1.3.1.2. Contenu

1.3.1.2.1. Nature de la langue décrite

On a pour habitude de décrire le dictionnaire général plus par ce qu’il n’est pas que par ce qu’il est. On l’oppose ainsi souvent à d’autres dictionnaires dont le contenu diffère : les dictionnaires spécialisés (qui traitent uniquement de certains aspects de la langue : ce sont les dictionnaires d’étymologie, les dictionnaires de noms propres, les dictionnaires d’argot, les dictionnaires de régionalismes, etc.) et les dictionnaires de spécialité (qui traitent uniquement des termes spécialisés propres à certains domaines). C’est cette dernière opposition que fait, par exemple, Svensén (1993 : 21) :

‘Some dictionaries concentrate on general vocabulary whereas others seek to cover one or more specialist areas. ’

Le dictionnaire général semble donc se restreindre à la description d’unités lexicales de la langue générale, comme le confirme la citation suivante, de Zgusta (1971 : 210) :

‘The rationale on which this category [monolingual general language dictionaries] is founded is the circumstance that these dictionaries are concerned mainly with the general language (as opposed to the different restricted ones). ’

Cette définition par opposition, assez répandue, semble cependant quelque peu stérile, et revient à opposer mot et terme, ce qui tourne au cercle vicieux, comme l’explique Béjoint (1988 : 355) :

‘scientific and technical words can only be defined in opposition to ‘common’ or ‘general’ words, which (if one leaves out the special category of ‘function words’) can only be defined by the fact that they are not specialized, thus creating a vicious circle from which it is difficult to escape.’

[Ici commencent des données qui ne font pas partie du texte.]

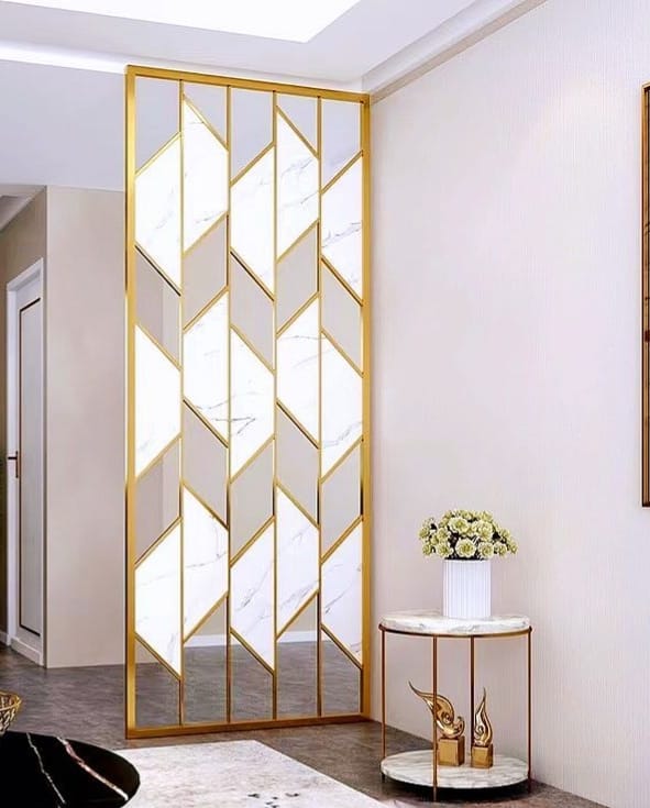 This partition works beautifully as a room divider, backdrop, or decorative element, making it perfect for living rooms, dining areas, offices, and entrance spaces. The durable steel frame ensures long-lasting quality, while the contemporary design suits luxury, modern, and minimal interiors effortlessly.

En réalité, le dictionnaire général ne se contente de toute façon pas de décrire des mots de la langue générale, comme l’indique Svensén (1993 : 21) : “in general terms, purely technical dictionaries are commoner than purely general dictionaries”, et c’est là qu’il faut regarder de plus près la citation précédente de Hartmann & James : “a type of reference work intended to provide a comprehensive description of the whole language, with special attention to vocabulary 53 , et celle de Zgusta : “mainly 54 general language”. De fait, la spécificité du dictionnaire général repose sur le fait qu’il essaie de couvrir tous les mots de la langue 55 , et qu’il inclut donc, parmi les unités lexicales qu’il traite, c’est-à-dire au sein de sa macrostructure, une certaine dose de régionalismes, d’archaïsmes, de mots argotiques, etc., et surtout, ce qui nous intéresse au plus haut chef, de mots scientifiques et techniques, c’est-à-dire de termes 56 , comme l’indique Pearson (1998 : 69) :

‘In addition to providing definitions of what are commonly described as general language words, all general dictionaries will include definitions of technical terms.’
Notes
53.

Souligné par nos soins.

54.

Souligné par nos soins.

55.

Le terme vocabulary utilisé par Hartmann & James (1998 : 154) est d’ailleurs défini comme : “the sum total of the words used in a language”. C’est la même chose que soulignent Béjoint (2000 : 37) : “The macrostructure of a dictionary can be called general if it includes all, or a representative section, of the elements of a lexicon, even the obsolete and archaic, and also all of its varieties in synchrony [...]”, et Roberts (1992 : 93), qui, parlant du Dictionnaire Canadien Bilingue, dit : “it will be a general bilingual dictionary, rather than a specialized one. In other words, it will attempt the coverage of the whole lexicon of Canadian English and French, instead of focussing one specialized sector or subject area”. (Souligné par nos soins dans ces deux dernières citations).

56.

C’est d’ailleurs ce qui fait dire à Lerat (1995 : 173) que l’on peut considérer « le dictionnaire de langue générale comme le degré zéro de la terminographie ».